# 16. Elastic Scattering

Michael Fowler

## Billiard Balls

“Elastic” means no internal energy modes of the scatterer or of the scatteree are excited$—$so total kinetic energy is conserved.  As a simple first exercise, think of two billiard balls colliding. The best way to see it is in the center of mass frame of reference.  If they’re equal mass, they come in from opposite directions, scatter, then move off in opposite directions.  In the early days of particle accelerators (before colliders) a beam of particles was directed at a stationary target.  So, the frame in which one particle is initially at rest is called the lab frame.  What happens if we shoot one billiard ball at another which is initially at rest?  (We’ll ignore possible internal energies, including spinning.)  The answer is that they come off at right angles. This follows trivially from conservation of energy and momentum (in an obvious notation)

$m\stackrel{\to }{v}=m{\stackrel{\to }{v}}_{1}+m{\stackrel{\to }{v}}_{2},\text{ }\frac{1}{2}m{\stackrel{\to }{v}}_{}^{2}=\frac{1}{2}m{\stackrel{\to }{v}}_{1}^{2}+\frac{1}{2}m{\stackrel{\to }{v}}_{2}^{2}$

and Pythagoras’ theorem.

## Discovery of the Nucleus

The first significant use of scattering to learn about the internal structure of matter was Rutherford’s use of $\alpha$ particles directed at gold atoms.  This experiment revealed the atomic nucleus for the first time.

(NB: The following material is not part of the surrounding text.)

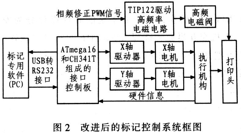 由于普通标记机控制系统的标记专用软件将图形信息转化为脉冲信息后需通过I/O接口(ISA、PC扩展卡或并口)输出至驱动控制板,然后再由驱动电路执行机构工作。但目前大多数个人PC机、笔记本电脑都取消并口、串口配置的扩展I/O卡,而使用IJSB接口。普通标记机的PWM信号采用555振荡器和多个阻容元件构成一个无稳态的占空比和频率均可调的多谐振荡器,当调整PWM信号时,打开控制箱,则通过调节两只可调电阻调整PWM信号的频率和占空比。为了解决上述标记机控制系统存在的缺点,采用单片机ATmegal6和USB转换RS232接口器件CH341T组成通信接口,标记控制系统升级到USB接口:采用ATmegal6的相频修正PWM替换555振荡电路,可直接通过PC软件修正PWM信号的频率和占空比,使得PWM信号调整便捷。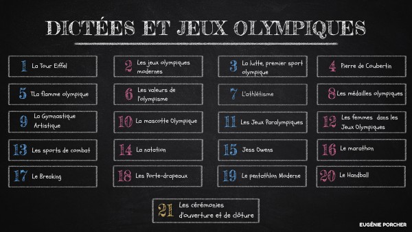 J1 : une manifestation unique au monde – la première fois – tous les quatre ans – des centaines de millions de personnes – les meilleurs athlètes mondiaux – une compétition exceptionnelle – la cérémonie d’ouverture – la flamme olympiqueJ2 : Les JO sont organisés tous les quatre ans – Ils réunissent les meilleurs athlètes mondiaux – Les athlètes défilent dans le stade J3 : Les JO n’ont été annulés que trois fois – Ils sont suivis par des centaines de millions de personnes – Le drapeau des anneaux olympiques flotte dans le ciel

Our plan here is to analyze this kind of scattering, to understand why it indicated the presence of a nucleus.  Similar much later analyses have established that the proton itself has point like constituents, so this is not just of distant historical interest.

For $\alpha$ particles on gold atoms, it’s an excellent approximation to take the scatterer as being fixed.  This is not an essential requirement, but it simplifies the calculation, and can be corrected for later.

To visualize what’s going on, think of the scatterer as a bowling ball with tiny marbles directed towards it, they’re moving fast horizontally, along parallel but random paths.  (Let’s take zero gravity here$—$the $\alpha$ particles we’re modeling are moving at about one-twentieth the speed of light!)

We observe the rate at which marbles are being scattered in various directions.  Call the scattering angle $\chi .$

So, let’s assume the width of the “beam” of marbles is much greater than the size of the bowling ball. We’ll also take the intensity of the beam to be uniform, with $n$ marbles crossing unit area perpendicular to the beam per second.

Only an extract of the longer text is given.